Problem requirements :: The material below has pictures in it. Set down only the lines from the line containing "In the Advanced" through the line containing "根据国家税务总局宝鸡市税务局", word for word, and leave the pictures behind.

The input ::
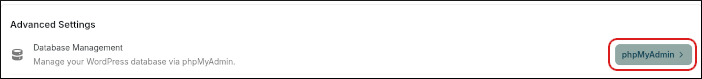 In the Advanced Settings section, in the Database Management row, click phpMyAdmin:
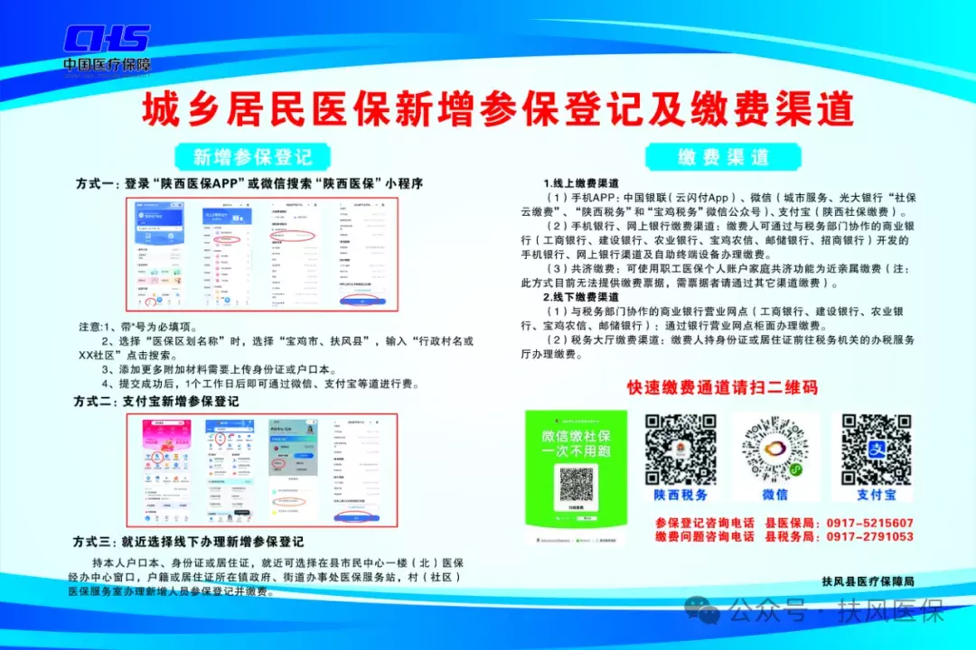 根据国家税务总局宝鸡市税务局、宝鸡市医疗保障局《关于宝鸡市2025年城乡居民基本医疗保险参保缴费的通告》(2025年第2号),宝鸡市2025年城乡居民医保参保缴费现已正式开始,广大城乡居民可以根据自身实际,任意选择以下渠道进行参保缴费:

--

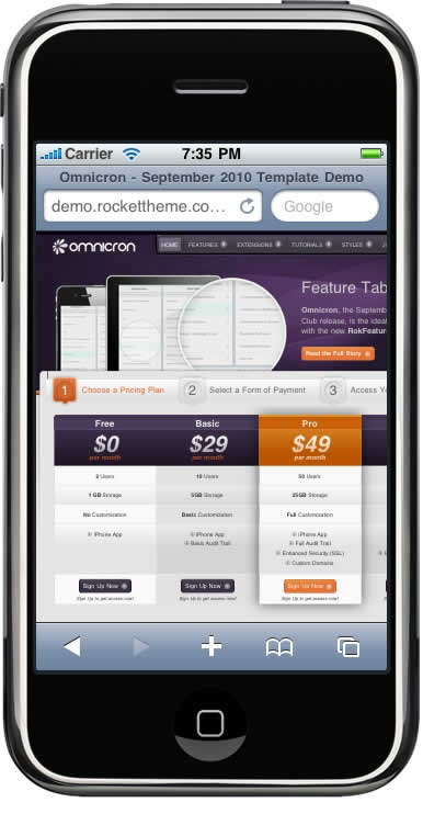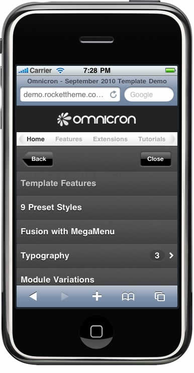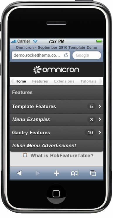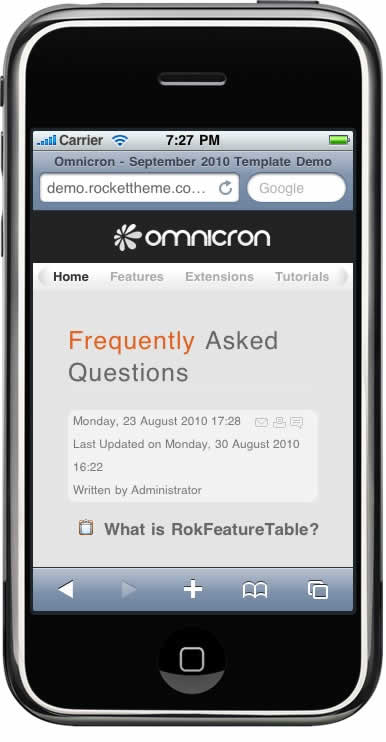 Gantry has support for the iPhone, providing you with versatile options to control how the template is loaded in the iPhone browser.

---

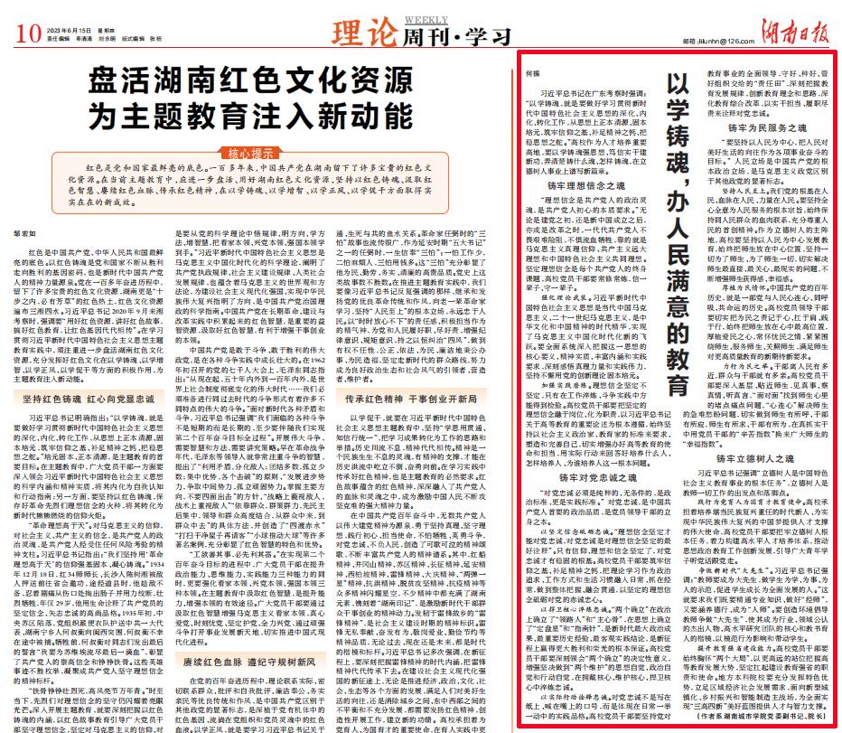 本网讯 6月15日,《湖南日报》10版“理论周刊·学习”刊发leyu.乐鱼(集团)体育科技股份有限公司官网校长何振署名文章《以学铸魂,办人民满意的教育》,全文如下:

Solution for this problem ::
 In the Advanced Settings section, in the Database Management row, click phpMyAdmin:
 根据国家税务总局宝鸡市税务局、宝鸡市医疗保障局《关于宝鸡市2025年城乡居民基本医疗保险参保缴费的通告》(2025年第2号),宝鸡市2025年城乡居民医保参保缴费现已正式开始,广大城乡居民可以根据自身实际,任意选择以下渠道进行参保缴费:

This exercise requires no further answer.